That morning I was in school in English class at NYIT, discussing a poem when an announcement was given to evacuate the school. As we started getting up from our seats wondering what was going on, my teacher got a call and when I saw his eyes full of tears, I knew something was truly wrong. As I exit the class room people were already talking, that there was an accident, that a plane had hit the first tower at the world trade center. I went into the students activity center where they had TV’s and saw how the plane hit the first tower and everyone was talking so loudly people were trying to contact their loved ones. On TV you could see how people were jumping out of windows; it was so sad and devastating. It was so loud I got lost in my thoughts and all of a sudden everyone went silent when we saw the second plane hit the second tower, some people started crying and I started feeling anxious, sad and scared, somehow I began to think this was no accident, when the first tower collapsed I was shocked I couldn’t, cry, or say anything It looked like a movie I couldn’t believe it, so I started walking home with my friend Ana.

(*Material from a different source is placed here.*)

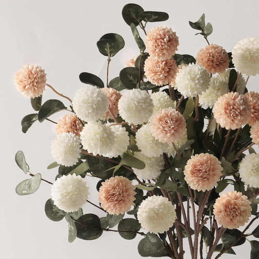 7Pcs Beige White Faux Kiku Flower 25 Heads+18 Eucalyptus, Long Stem Pom Pom Fake Mums Artificial Flowers for Vase Silk Chrysanthemum for Centerpiece Bouquet Floral Arrangement Tan Nude Neutral Cream
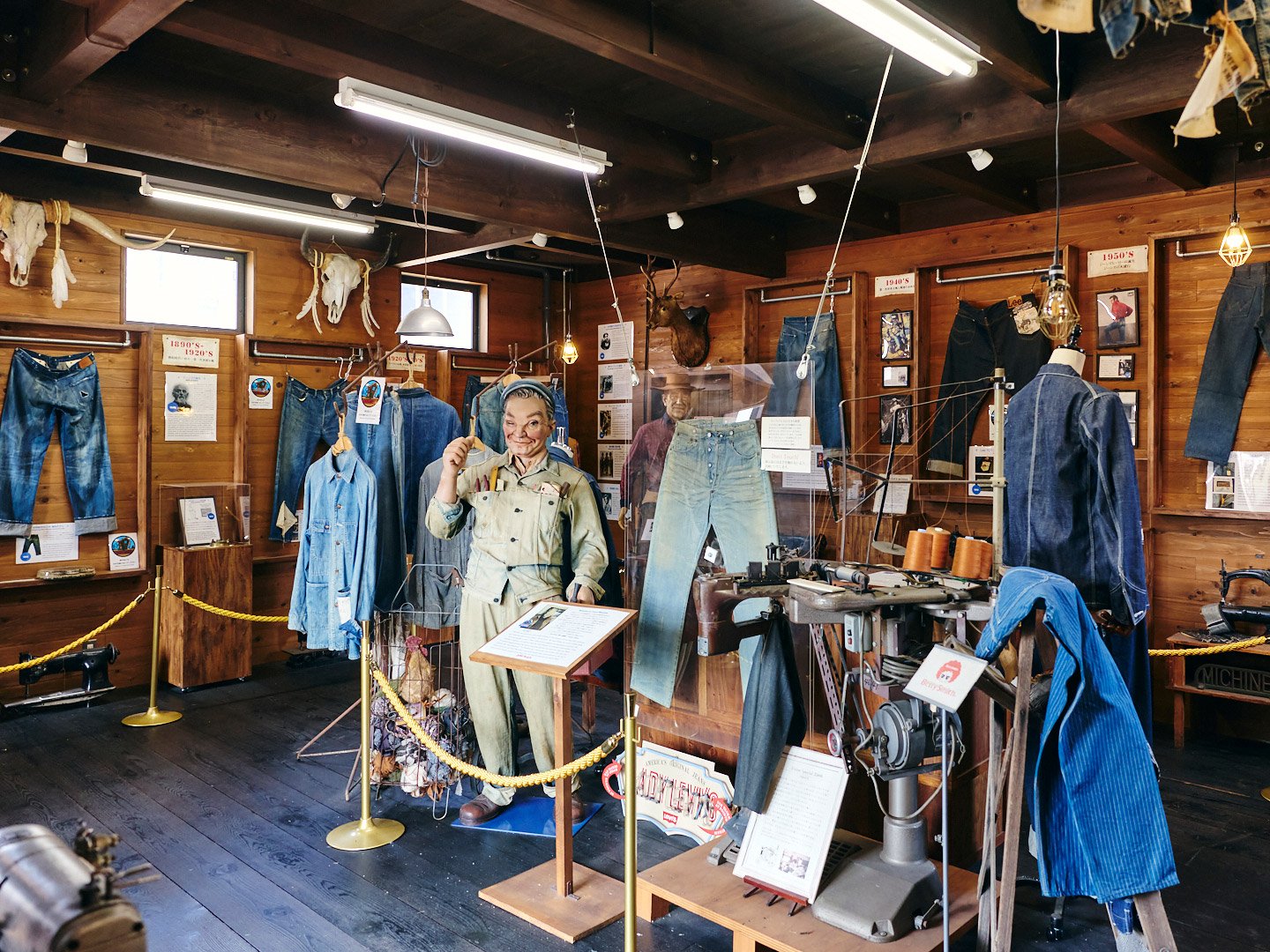 ミュージアム2号館には創業当時に使われていたミシンや機械などの道具を展示。国産ジーンズがどのようにつくられているかを知ることができる。

There were no trains and buses were so full we had no choice but to walk from 59th street to 136 street. It was a long, long walk we weren’t sure what was happening, phone lines were so busy and I just wanted to see my family make sure they were ok. During that walk I just thought of those people how scared they were and for a second I felt that fear, like if I was there. Ana and I talked our whole way home that made it a bit faster, I was out of breath and really tired, but then who wouldn’t after walking 77 blocks.
When I finally get to my grandmother’s house my aunt Monica opens the door crying saying “they killed my baby” I am still not inside the apartment when I’m just shocked, I couldn’t move, I couldn’t cry all that came to my mind where my cousins words when I last saw her, she said “if anything ever happens to the World Trade Center remember I am in there.” Shills ran down my whole body and tears finally started running down my face a second in my life I will never forget.
Fanny Espinosa mother of two, Stephanie and Christian, a great wife to Luis, great sister to Wanda & Leo, Loved her mother and fathers so dearly, was now victim of a cruel act. As I got inside the apartment everyone was there scared, worried, sad, & so many emotions where to begin. There was some sort of hope that maybe just maybe she came out alive. She was one of the many who were missing. My aunt was so desperate with no news, no sign and there was frustration as well as pain. Everyone was so sad, everyone wanted answers. I remember going to a center of information & relief in 59th street with my aunt Monica, Fanny’s husband Luis and my cousin Wanda. The center was created for all victims’ families. There was hope, we were there trying to get information any news anything that would help us.
I remember just sitting there as the people in the center try to comfort my aunt who’s worried her daughter may never come home. As I sat there I just thought of Fanny all the times I went to her house as a child in the Bronx, she had this huge TV and we would all watch movies like if we were at the movies with popcorn and everything. I remember how kind she always was and always trying to help others and always telling us the importance of school and making something of our lives. I remember how excited she was when she finished her B.S. degree, she always told us it was important to get your education and a degree, she was more excited when she got a job at Cantor Fitzgerald at the world trade center, I was so happy for her, you could see how proud she was of her accomplishments. I thought to myself did she come out, I wanted to be positive but she was in the 104th floor and everything happened so fast, I didn’t know what to think, I didn’t know what to say, Fanny was gone a soul who was now in heaven. She will be missed and remembered each day of our lives for as long as we live her smile, her love for others especially her family and friends will always be in our hearts.
|Gone but never forgotten R.I.P Fanny Espinosa|
To the families of all the victims, they will always remain in my prayers for as long as I live and they will always be remembered by all those lives they touched.